▶ Excerpted data
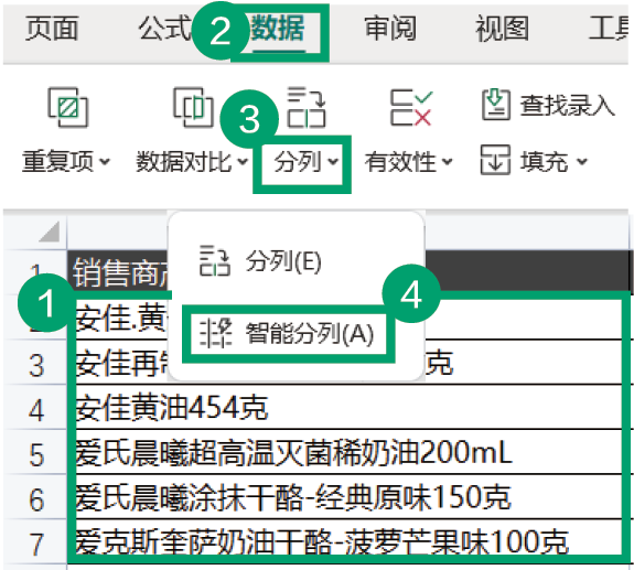 2 在【数据】选项卡中单击【分列】图标的下半部分,在弹出的菜单中选择【智能分列】命令,WPS表格会自动识别中文、数字和英文。
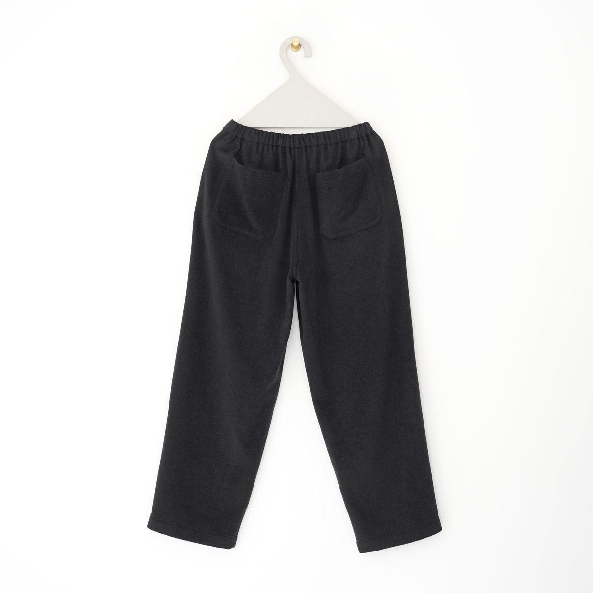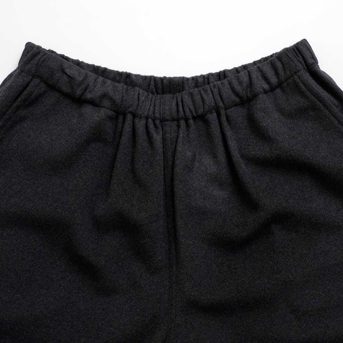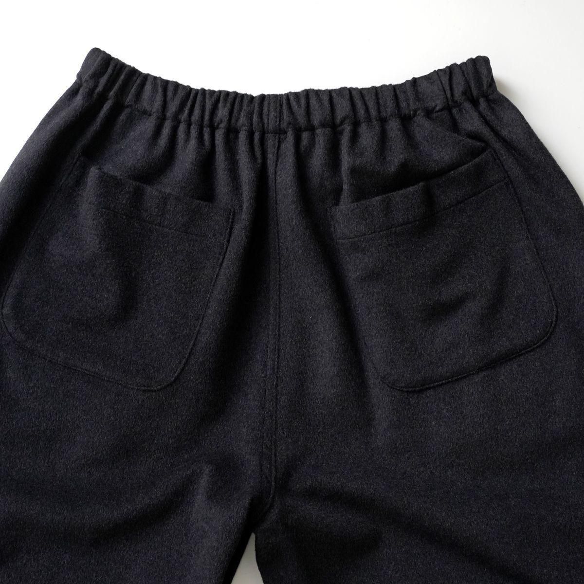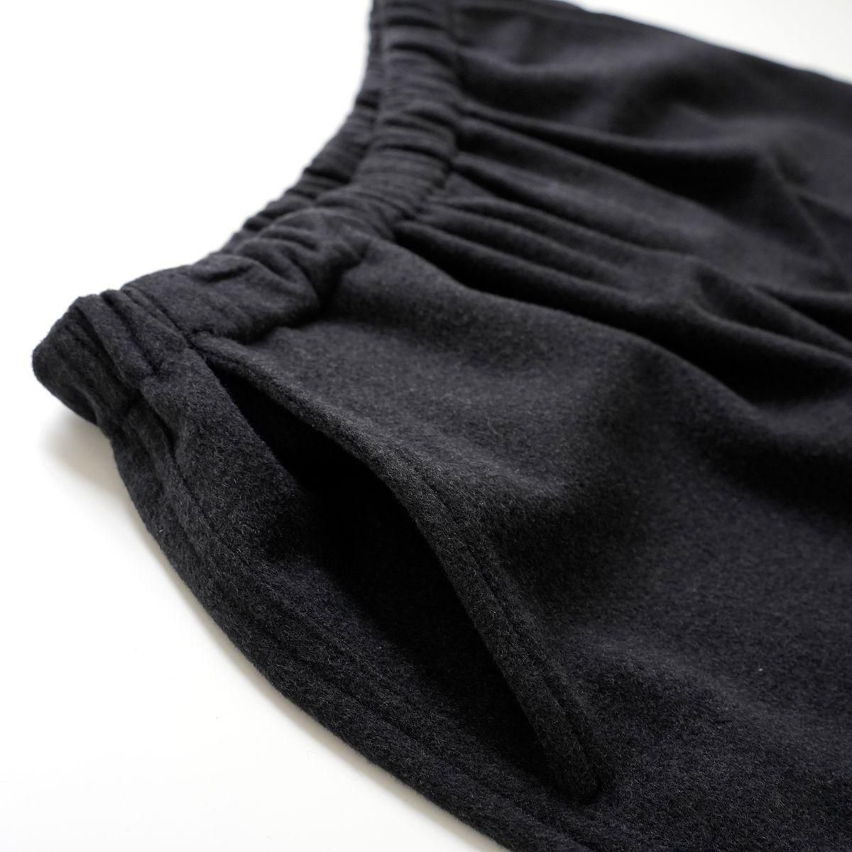 holk定番のカンフーパンツ。とても滑らかな肌触りのショートビーバー仕上げのウール生地。 ドレープ感が綺麗なシルエットを作ってくれ、ゴムウエストにドローコードでサイズ調整しやすくオンもオフもリラックスしてお召しいただけます。 セットアップもおすすめです。 両サイドにポケット付き 25AW unsex size: 1・2 1:ウエスト31cm 股上30cm 股下65cm 裾幅21cm 2:ウエスト34cm 股上31cm 股下69cm 裾幅22cm ※サイズ計測の多少の誤差はご了承下さい。 color:Charcoal material: wool100% model:163cm(#1) 取り扱い店舗・・・dieci芝川ビル店 -------------------------------------------------------- holk|ホーク "身近な人々のための服の在り方”をコンセプトに、尾州の小さな工場の熟練された職人の手によって機織りから縫製までの工程を行なっています。若き職人とともに技術を学び後世に残るものづくりに取り組み、また物作りから購入までに関わる全ての人の心が豊かになるプロダクトを目指しています。 size_chart
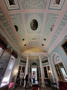 “This is one of the finest Adam rooms in existence … The shape of the room, with its curved ceiling leading into two apsidal ends, on the chords of which are pairs of columns, is one which Adam used for several of his most stately interiors. Apart from the plan, a great innovation for England was the flat arched ceiling which Adam frankly describes as ‘extremely beautiful …”
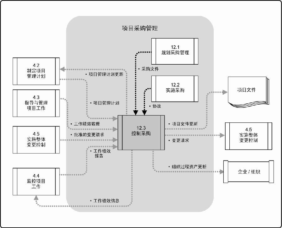 控制采购是管理采购关系、监督合同执行情况,并根据需要实施变更和采取纠正措施的过程。本过程的主要作用是,确保买卖双方履行法律协议,满足采购需求。图12-6描述本过程的输入、工具与技术和输出,图12-7是本过程的数据流向图。
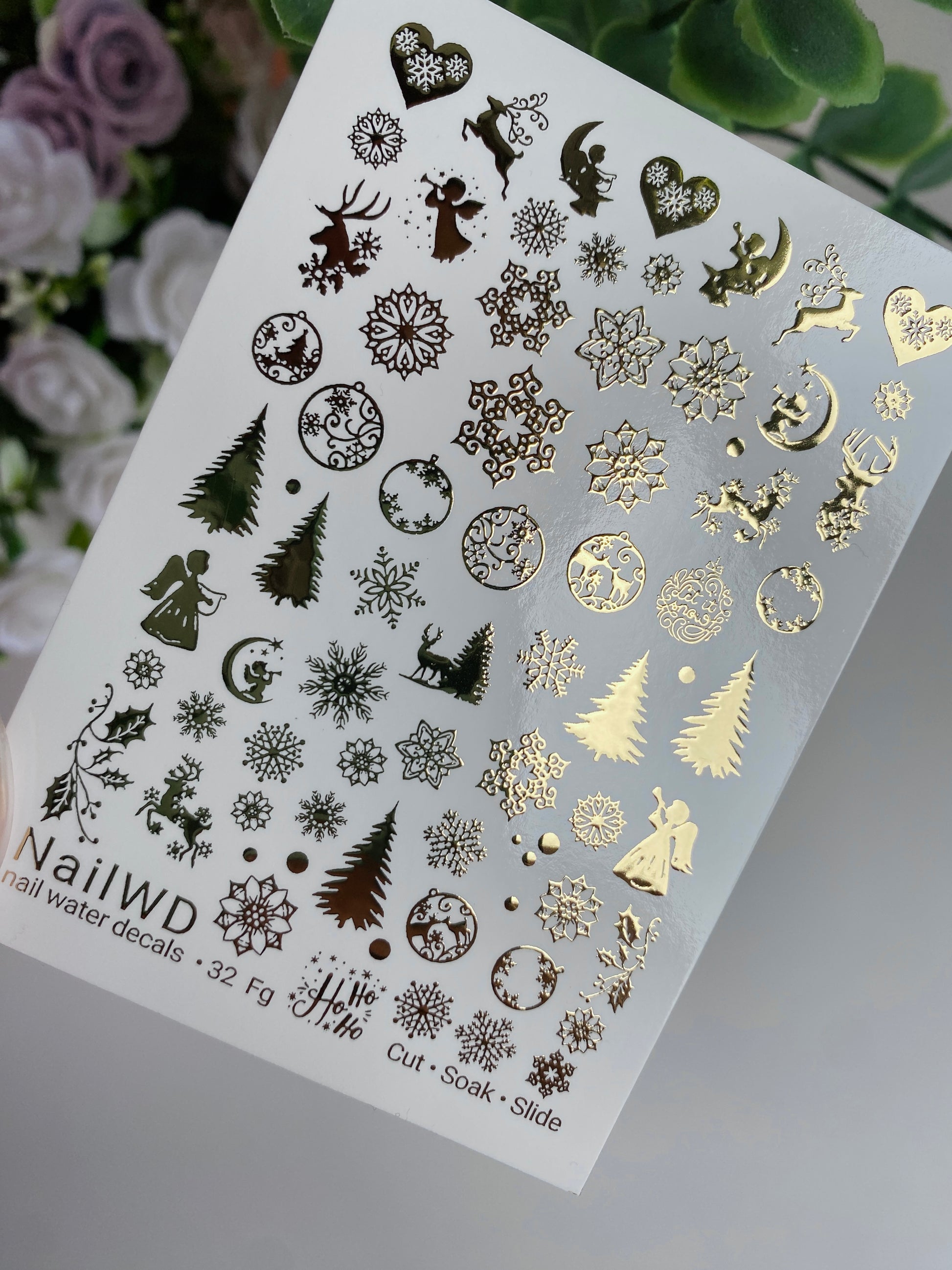 Kalėdiniai vandens lipdukai nagams su elegantiškais auksinio folijos dizainais – elniai, angelai, Kalėdų eglutės, snaigės, širdelės ir šventinės dekoracijos.

▶ Task prompt
A faithful copy of each entry is required, and no picture may be carried into it.

▶ Exercise answer
 2 在【数据】选项卡中单击【分列】图标的下半部分,在弹出的菜单中选择【智能分列】命令,WPS表格会自动识别中文、数字和英文。
 holk定番のカンフーパンツ。とても滑らかな肌触りのショートビーバー仕上げのウール生地。 ドレープ感が綺麗なシルエットを作ってくれ、ゴムウエストにドローコードでサイズ調整しやすくオンもオフもリラックスしてお召しいただけます。 セットアップもおすすめです。 両サイドにポケット付き 25AW unsex size: 1・2 1:ウエスト31cm 股上30cm 股下65cm 裾幅21cm 2:ウエスト34cm 股上31cm 股下69cm 裾幅22cm ※サイズ計測の多少の誤差はご了承下さい。 color:Charcoal material: wool100% model:163cm(#1) 取り扱い店舗・・・dieci芝川ビル店 -------------------------------------------------------- holk|ホーク "身近な人々のための服の在り方”をコンセプトに、尾州の小さな工場の熟練された職人の手によって機織りから縫製までの工程を行なっています。若き職人とともに技術を学び後世に残るものづくりに取り組み、また物作りから購入までに関わる全ての人の心が豊かになるプロダクトを目指しています。 size_chart
 “This is one of the finest Adam rooms in existence … The shape of the room, with its curved ceiling leading into two apsidal ends, on the chords of which are pairs of columns, is one which Adam used for several of his most stately interiors. Apart from the plan, a great innovation for England was the flat arched ceiling which Adam frankly describes as ‘extremely beautiful …”
 控制采购是管理采购关系、监督合同执行情况,并根据需要实施变更和采取纠正措施的过程。本过程的主要作用是,确保买卖双方履行法律协议,满足采购需求。图12-6描述本过程的输入、工具与技术和输出,图12-7是本过程的数据流向图。
 Kalėdiniai vandens lipdukai nagams su elegantiškais auksinio folijos dizainais – elniai, angelai, Kalėdų eglutės, snaigės, širdelės ir šventinės dekoracijos.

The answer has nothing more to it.